The lender has built a team of more than 200 personnel in the region, especially solidifying its presence in Saudi Arabia - the Arab world’s biggest economy - as it follows Vision 2030 agenda. Crown Prince Mohammed Bin Salman’s overarching economic overhaul vision includes radical changes in the scope of business for the kingdom’s sovereign wealth fund, Public Investment Fund; part privatisation of state-owned entities including Saudi Aramco and liberalisation of the country’s capital market to attract foreign direct investment.

Saudi Arabia’s Tadawul bourse, which was a fairly closed stock market until a few years ago, has implemented structural and regulatory reforms and successfully became part of the FTSE and MSCI indexes, attracting $22bn of inflows.
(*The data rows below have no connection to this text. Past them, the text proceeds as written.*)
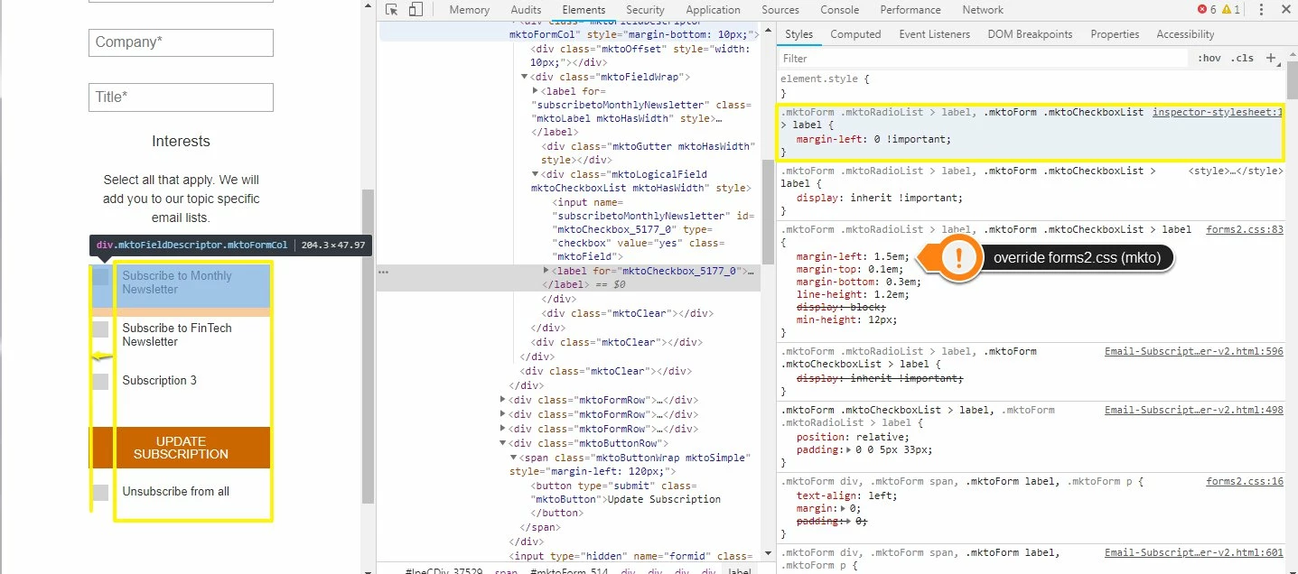 We're trying to embed a Marketo form on our website. The form will have First name & last name in first row, two columns & email address in second row/one column covering entire width of the page.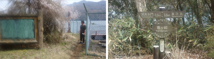 ハイキングコースは獣道のようなところもありました。高低差はないけど長い道のり、綺麗な浜辺に降りて写真撮影、鴬の鳴き声や白鷺を鑑賞、少し休憩したり最後のチェックポイント「白浜」に到着したのは14時4分でした。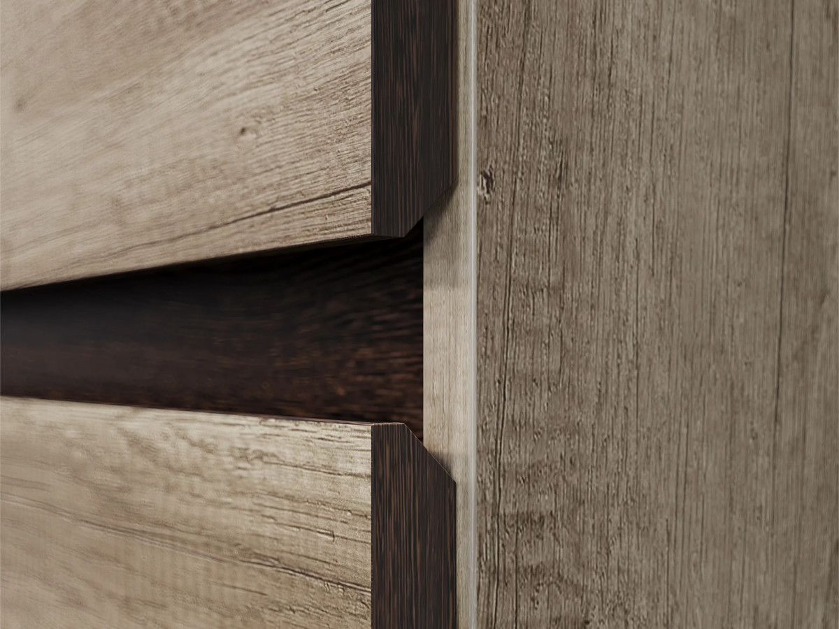 - Толщина кромки – 0,45 мм. «Дуб каньон» кромится в цвет корпуса. Фасадные части цвета «дуб каньон» кромятся цветом «венге».

JP Morgan was the second-biggest trader of Saudi equities in August, according to Tadawul data.

“In Saudi Arabia, we have definitely scaled up, because it not only traders and middle office and back office [staff], it is sales as well,” he said. “We have also built a local custody business, which is growing very fast because of all these FDI inflows.”

There is still room to grow as Saudi Arabia’s daily trading volume is about $900 million while for most other markets it is in the $50m range. About 80 to 90 per cent of the $25bn that entered regional markets this year is invested by passive investors, tracking the benchmark indexes.

“Active investors are not rushing in. They are watching the markets closely but not yet coming in a meaningful way,” Mr Leenart notes.

Apart from the brokerage businesses, debt issuances - both by corporates and sovereigns in the region - as well equity capital markets deals and mergers and acquisition mandates, shave helped prop up JP Morgan’s business in the Middle East.

Sovereigns, particularly the GCC states, have approached the international debt capital markets to plug their budget deficits and widen their funding base in the wake of three-year oil price shock. Abu Dhabi, which accounts for about 6 per cent of the world’s proven oil reserves, last month raised $10bn. Bahrain, last month also raised $2bn through a mix of bond and sukuk deals. Saudi Arabia is said to be considering plans to tap the debt market later this year, according to media reports.

Corporates have also enjoyed the low interest rate regime and diversified their fund sources by tapping the loan and bond markets. Orders for Saudi Aramco's debut international bonds topped $100bn, a record-breaking vote of market confidence for the oil giant; JP Morgan was among the banks on the deal. Adnoc is another state-owned oil company, which is considering bond plans, its chief financial officer said earlier this month.

“I think funding will continue [in the region] as we probably will have about $80bn of debt [issuance] volumes this year,” Mr Leenart said. “M&A, both inbound and outbound, will continue to keep us busy … both have equally big flows.”

The UAE, Saudi and Egypt the three biggest markets for JP Morgan, he said.

“UAE is a market where we have very strong companies and there is a big focus on bring in FDI …. $2bn here, $5bn there. They have done tremendously well on that front,” he said.

The value of mergers and acquisitions in the Middle East and North African has reached $120.6 in the first nine months of the year, up 160 per cent on the same period last year, according to data by Refinitiv. The biggest deals so far this year have been the $69bn acquisition of Sabic by Saudi Aramco, Kuwait Finance House’s $7.6bn purchase of Ahli United Bank and Adnoc’s $4bn sale of pipeline assets to US investment companies KKR and BlackRock.

“If you look at the equity deals, we have been involved in most of them [in the region]. The debt, we have a huge share and in M&A we are a leading bank in the region,” he said, adding that the business next year will be consistent with this year.

“So net-net, we see the same sort of deal flow in 2020, which we have seen in 2019, barring any major geopolitical or any other shock,”  Mr Leenart said.